_Aim of the exercise_
Pictures excluded, please retype exactly the lines from the start of the data through the line that contains "<p>Gaziantep'te hava sıcaklığının", both ends kept, and nothing beyond them.
Start of Block
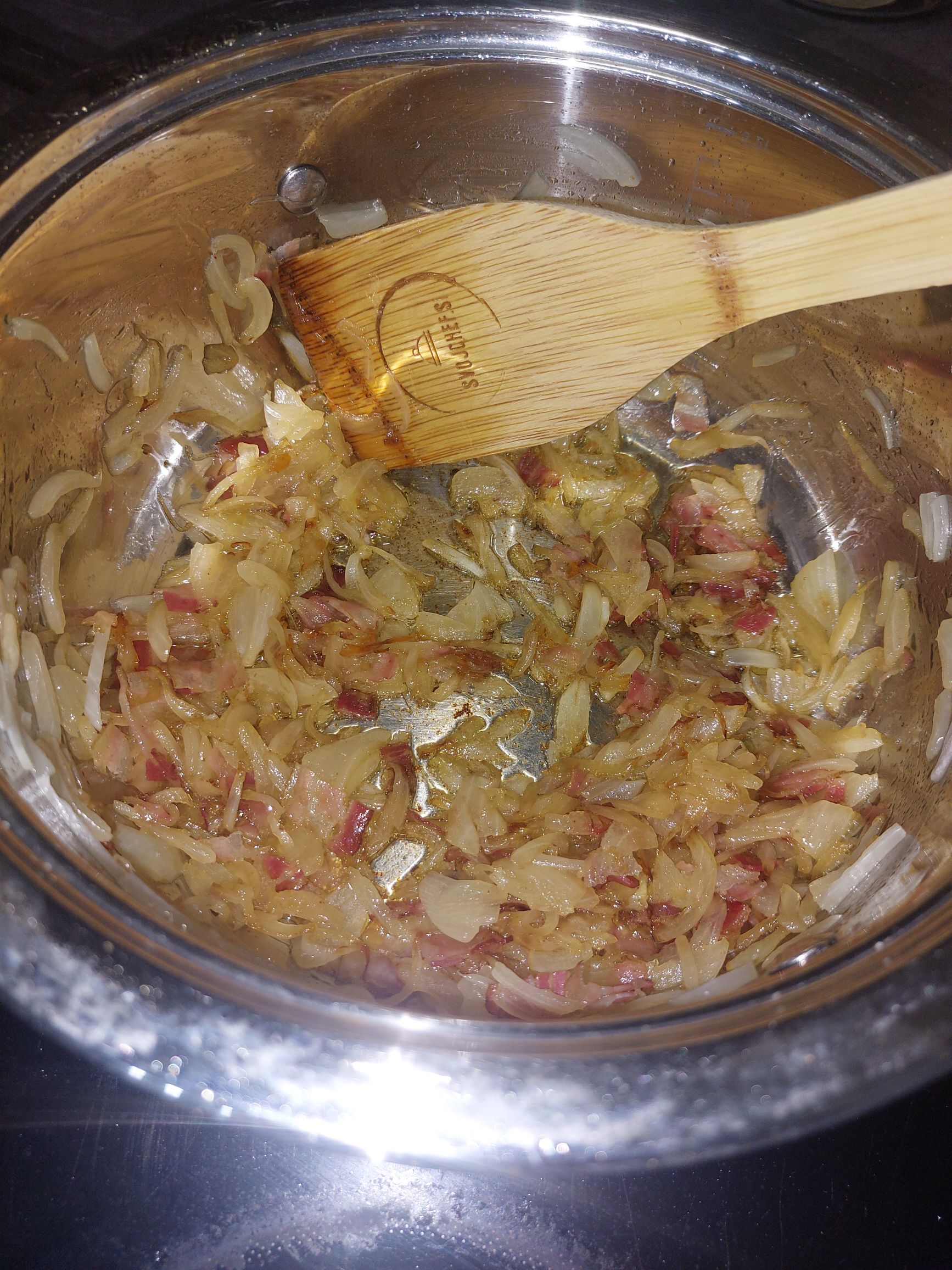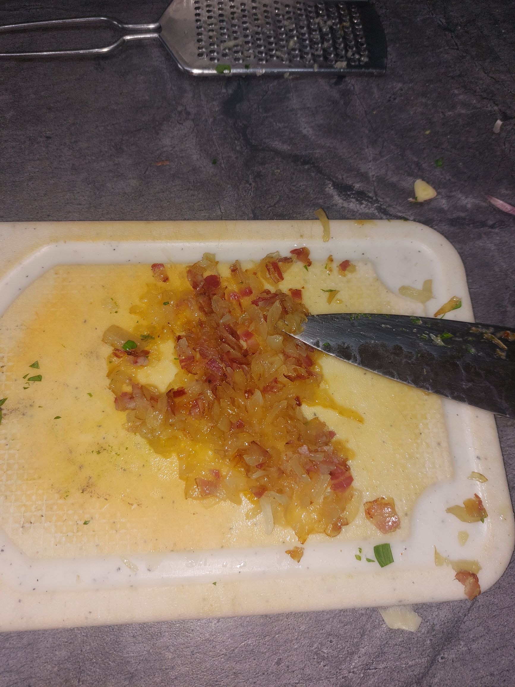 čebuli v posodo dodamo panceto in naprej pražimo, ko je panceta popražena hitro nastrgamo še česen, zadišimo, polovico čebule vzamemo ven, v posodi pa nadaljujemo s pripravo omake
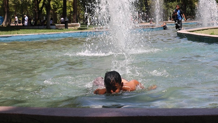 <p>Gaziantep'te hava sıcaklığının 36 dereceye ulaşmasıyla vatandaşlar parklarda serinlerken, Gaziantep'te yüzme havuzuna gitme imkanı bulamayan çocuklar ise süs havuzuna girerek serinlemeye çalışıyor. Aşırı sıcaktan bunalan çocuklar Yüzüncü Yıl Parkı'nda bulunan süs havuzuna girerek serinledi. Bir süre havuzda eğlenceli dakikalar yaşayan çocuklar, havanın çok sıcak olduğunu, sıcak havadan bunaldıkları için süs havuzunda serinlediklerini ve yüzmeyi çok sevdiklerini belirtti. </p>
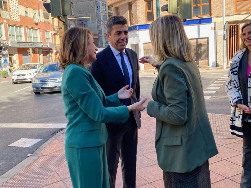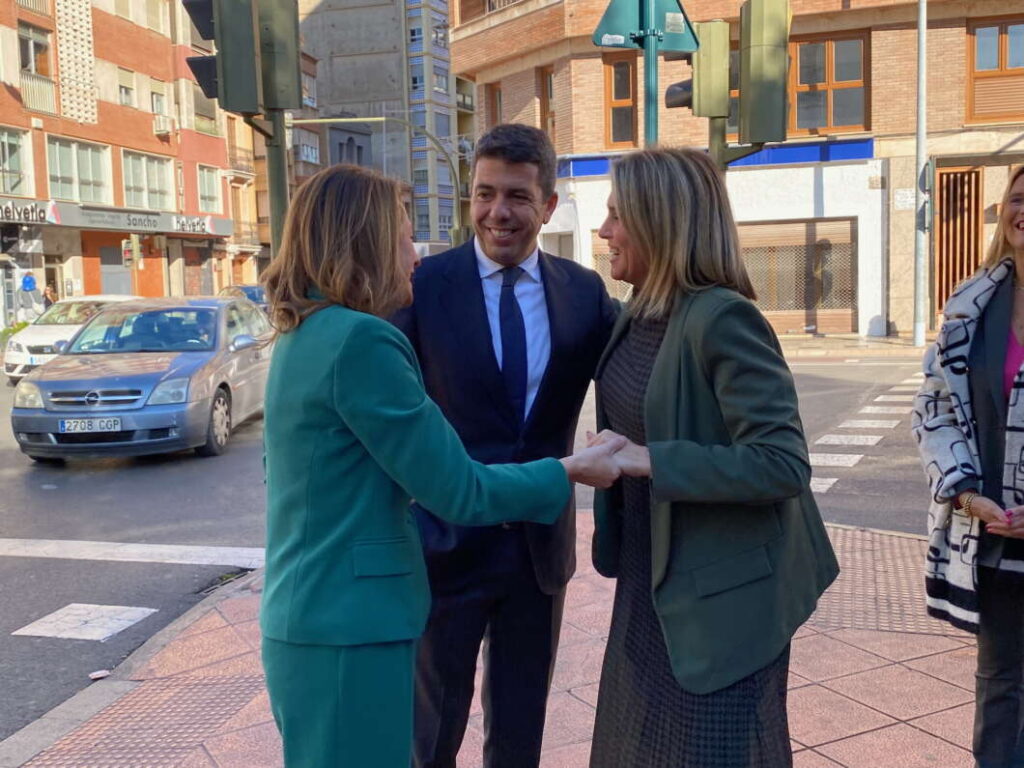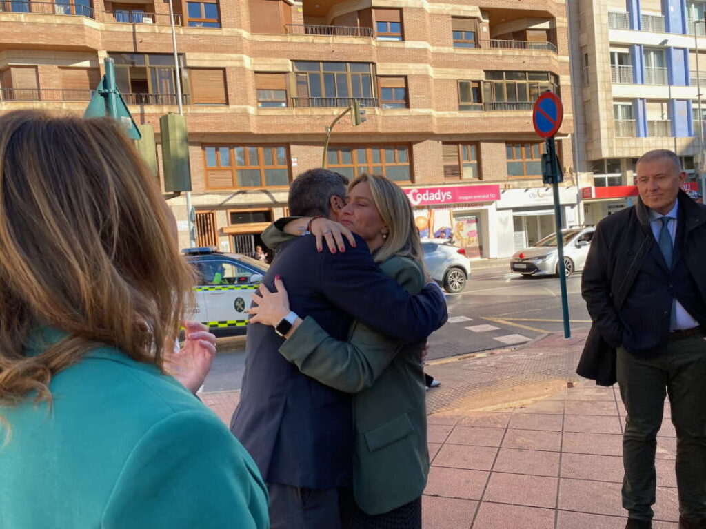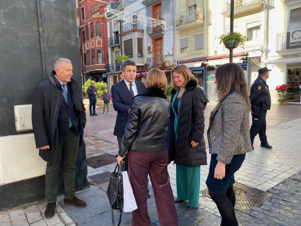 A su llegada a la plaza Juez Borrull, donde lo esperaban para visitar el resultado de la restauración de los antiguos juzgados, lo más sonado fue el abrazo a la presidenta de la Diputación, Marta Barrachina, y el saludo entre la alcaldesa y su presidenta provincial.
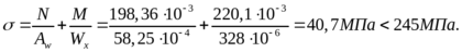 Шов Ш1 проверяем на комбинацию усилий M и N соответствующие M=220,1кНм, N=198,36кН. Так как концы швов выводятся за пределы стыка, то принимаем Aw=A; Ww=Wx.
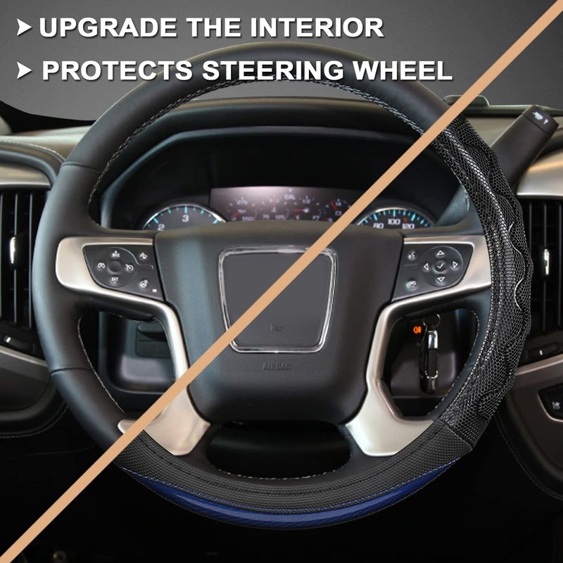 GIANT PANDA car steering wheel cover fits GMC 14.5-15-inch Steering Wheel. It features a 3D honeycomb design with excellent slip and sweat resistance. The non-slip design makes it easier to grip for better steering wheel control.
End of Block
_Response to the task_
 čebuli v posodo dodamo panceto in naprej pražimo, ko je panceta popražena hitro nastrgamo še česen, zadišimo, polovico čebule vzamemo ven, v posodi pa nadaljujemo s pripravo omake
 <p>Gaziantep'te hava sıcaklığının 36 dereceye ulaşmasıyla vatandaşlar parklarda serinlerken, Gaziantep'te yüzme havuzuna gitme imkanı bulamayan çocuklar ise süs havuzuna girerek serinlemeye çalışıyor. Aşırı sıcaktan bunalan çocuklar Yüzüncü Yıl Parkı'nda bulunan süs havuzuna girerek serinledi. Bir süre havuzda eğlenceli dakikalar yaşayan çocuklar, havanın çok sıcak olduğunu, sıcak havadan bunaldıkları için süs havuzunda serinlediklerini ve yüzmeyi çok sevdiklerini belirtti. </p>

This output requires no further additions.